● **WHAT YOU NEED TO DO**
Can the lines below, from the one that holds "बाल विनय मंदिर" to the very end, be echoed exactly, with both ends included and no pictures?

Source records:
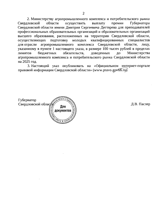 Указ Губернатора Свердловской области от 29.10.2025 N 431-УГ "О присуждении премии Губернатора Свердловской области имени Дмитрия Сергеевича Дегтярева для преподавателей профессиональных образовательных организаций и образовательных организаций высшего образования, расположенных на территории Свердловской области, осуществляющих подготовку молодых квалифицированных специалистов для отрасли агропромышленного комплекса Свердловской области"
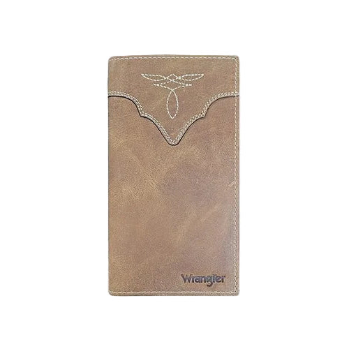 Portefeuille Wrangler en cuir Crazy Horse, avec surpiqûres décoratives sur le bout. Logo Wrangler embossé dans le coin inférieur droit.
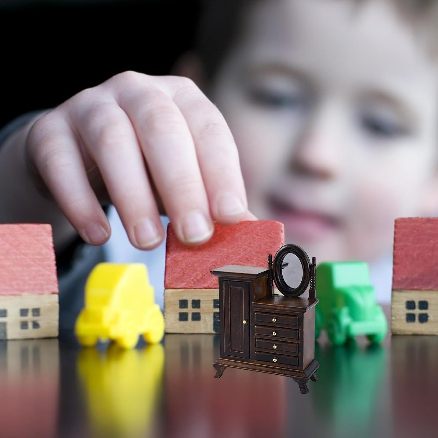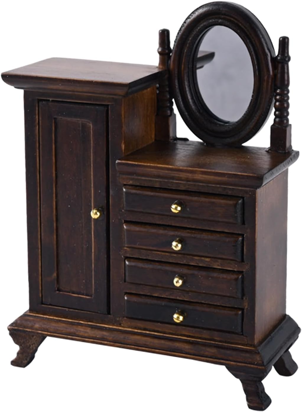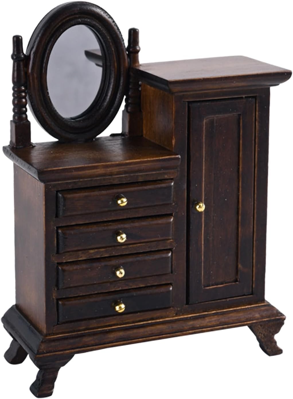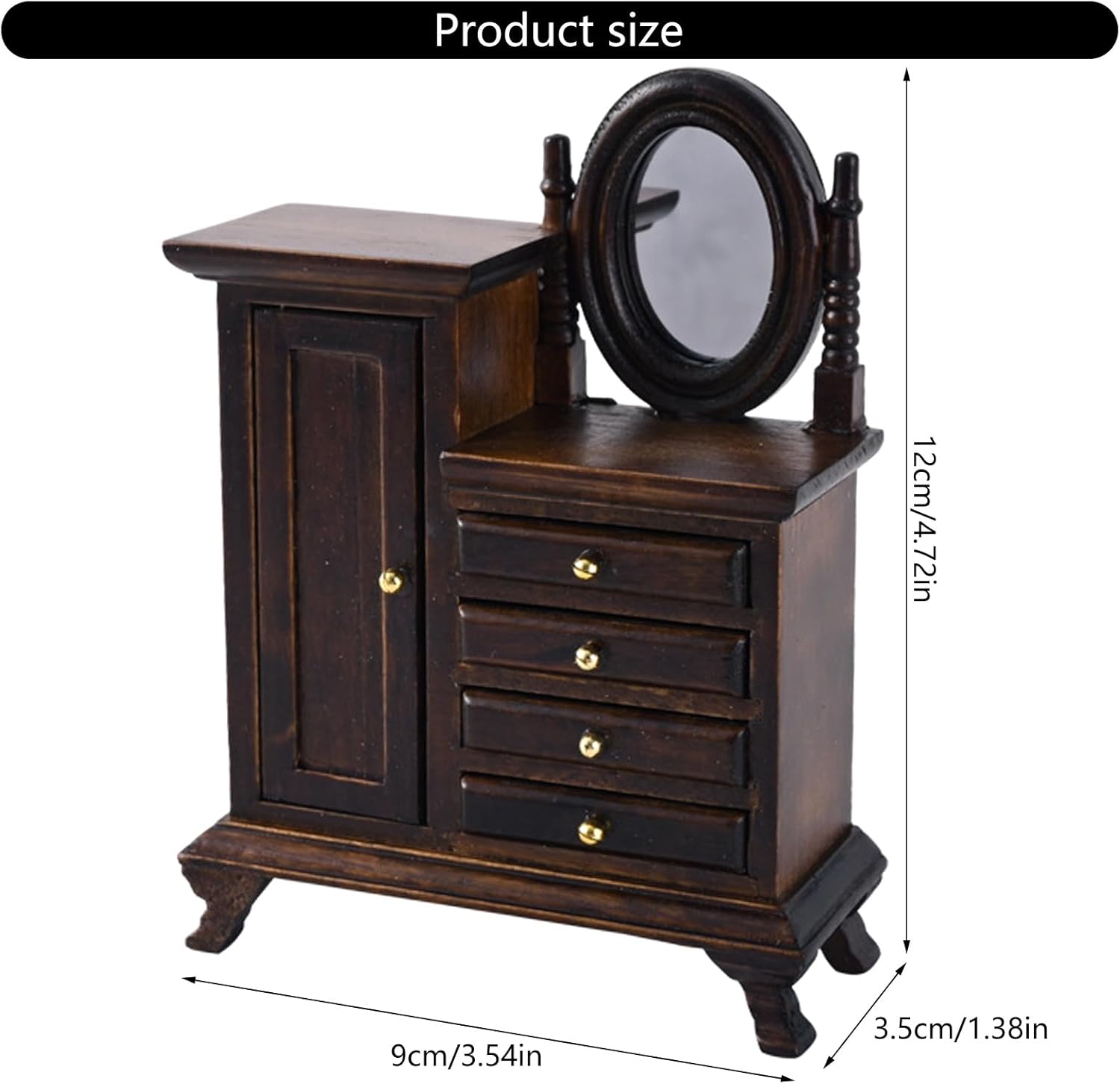 La finitura invecchiata e gli intagli intricati replicano mobili antichi a grandezza naturale e costituiscono un pezzo straordinario per allestimenti realistici di stanze in miniatura Questa cassettiera include cassetti realistici e una vanità a specchio per autentici mobili per case delle bambole in legno con squisita verniciatura a mano Ideale per gli appassionati di case delle bambole, collezionisti di miniature e hobbisti del bricolage per interni di casa modello 1:16 su misura Migliora la camera da letto della tua casa delle bambole con questa cassettiera in legno in scala 1:16 in stile vintage con cassetti funzionali e una vanità progettata per aggiungere un fascino elegante alle collezioni di mobili per case delle bambole in miniatura. Perfetto per le camere da letto delle case delle bambole o per gli espositori in miniatura vintage, funge da contenitore decorativo e funge da accessorio stravagante per scenari di gioco creativi
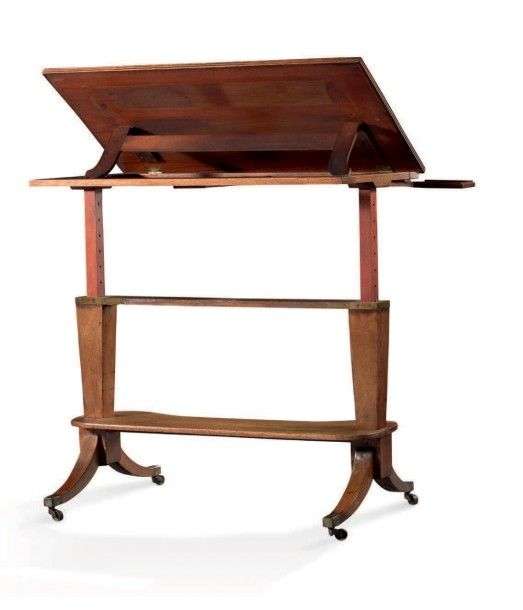 Table écritoire dite à la tronchin en bois naturel à plateau rectangulaire découvrant une petite tablette, elle repose sur deux montants droits reliés par une entretoise se prolongeant sur quatre pieds galbés terminés par des roulettes.
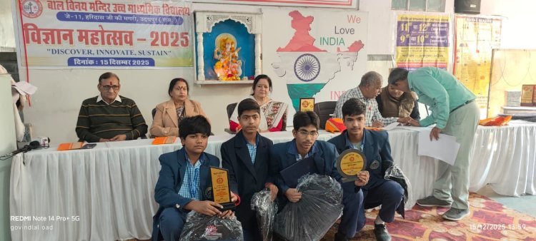 बाल विनय मंदिर उच्च माध्यमिक विद्यालय, उदयपुर में आयोजित “विज्ञान महोत्सव 2025” अन्तर्विद्यालयी विज्ञान मॉडल प्रतियोगिता विद्यार्थियों की वैज्ञानिक सोच, नवाचार और रचनात्मकता का सशक्त मंच बनकर उभरी। इस अवसर पर विद्यार्थियों द्वारा प्रस्तुत विज्ञान मॉडल्स ने शिक्षा, पर्यावरण और सामाजिक समस्याओं के समाधान की दिशा में नई संभावनाएँ प्रदर्शित कीं।
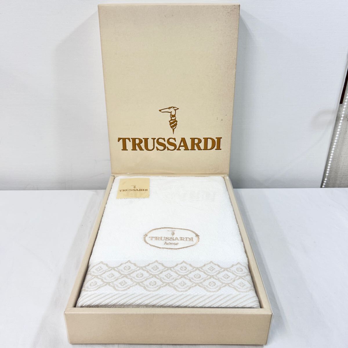 > ★未使用品★120×65cm★ TRUSSARDI トラサルディ トルサルディ バスタオル 白 ギフト 箱入り (05237F

● **EXERCISE SOLUTION**
 बाल विनय मंदिर उच्च माध्यमिक विद्यालय, उदयपुर में आयोजित “विज्ञान महोत्सव 2025” अन्तर्विद्यालयी विज्ञान मॉडल प्रतियोगिता विद्यार्थियों की वैज्ञानिक सोच, नवाचार और रचनात्मकता का सशक्त मंच बनकर उभरी। इस अवसर पर विद्यार्थियों द्वारा प्रस्तुत विज्ञान मॉडल्स ने शिक्षा, पर्यावरण और सामाजिक समस्याओं के समाधान की दिशा में नई संभावनाएँ प्रदर्शित कीं।
 > ★未使用品★120×65cm★ TRUSSARDI トラサルディ トルサルディ バスタオル 白 ギフト 箱入り (05237F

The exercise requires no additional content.